**WHAT YOU ARE ASKED TO DO**
Return the listing below exactly as it stands. Pictures stay out.

**PROVIDED MATERIAL**

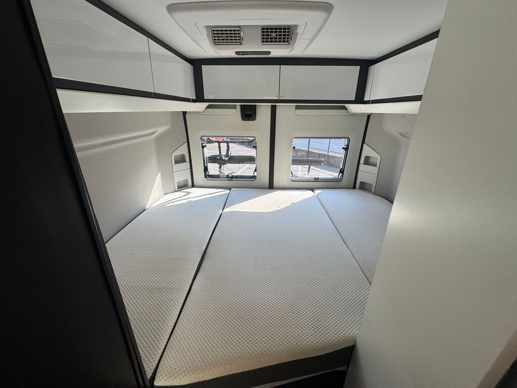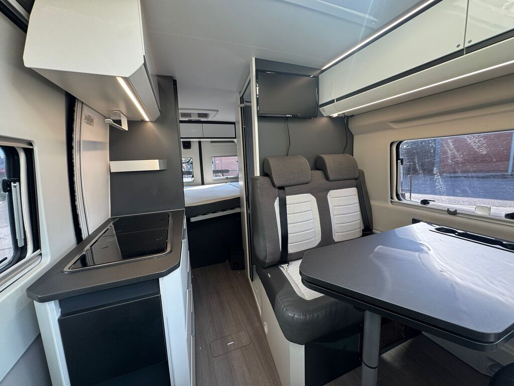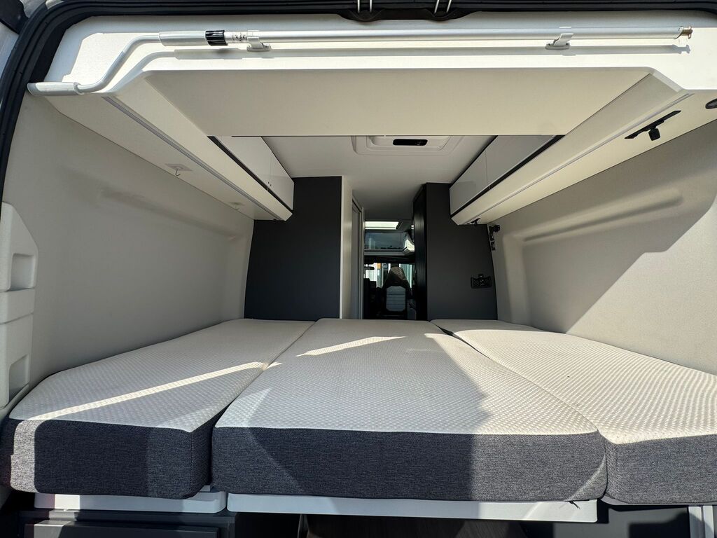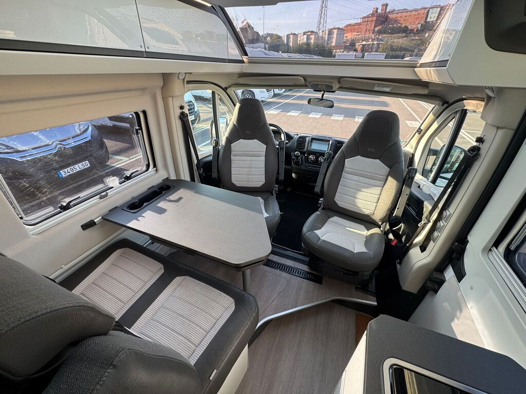 Una camper que combina diseño premium, confort y practicidad a partes iguales. Su baño con mampara pivotante (sin cortina) y su cuidada distribución la hacen perfecta para parejas que quieren viajar con el máximo nivel de comodidad.
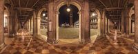 De zuilengalerij op het San Marcoplein als panoramafoto bij nacht.
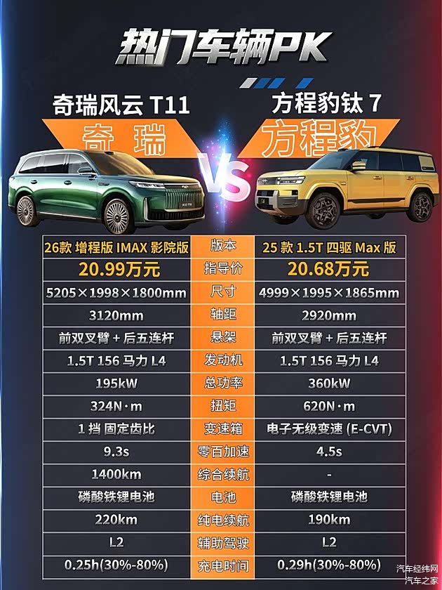 风云T11 2026款220后驱双IMAX影院版指导价为20.99万元,方程豹钛7 2025款190km四驱Max版指导价为20.68万元,两款车都面向家庭用户,价格也比较接近,哪一款车更值得入手呢?

**SOLVED PROBLEM**
 Una camper que combina diseño premium, confort y practicidad a partes iguales. Su baño con mampara pivotante (sin cortina) y su cuidada distribución la hacen perfecta para parejas que quieren viajar con el máximo nivel de comodidad.
 De zuilengalerij op het San Marcoplein als panoramafoto bij nacht.
 风云T11 2026款220后驱双IMAX影院版指导价为20.99万元,方程豹钛7 2025款190km四驱Max版指导价为20.68万元,两款车都面向家庭用户,价格也比较接近,哪一款车更值得入手呢?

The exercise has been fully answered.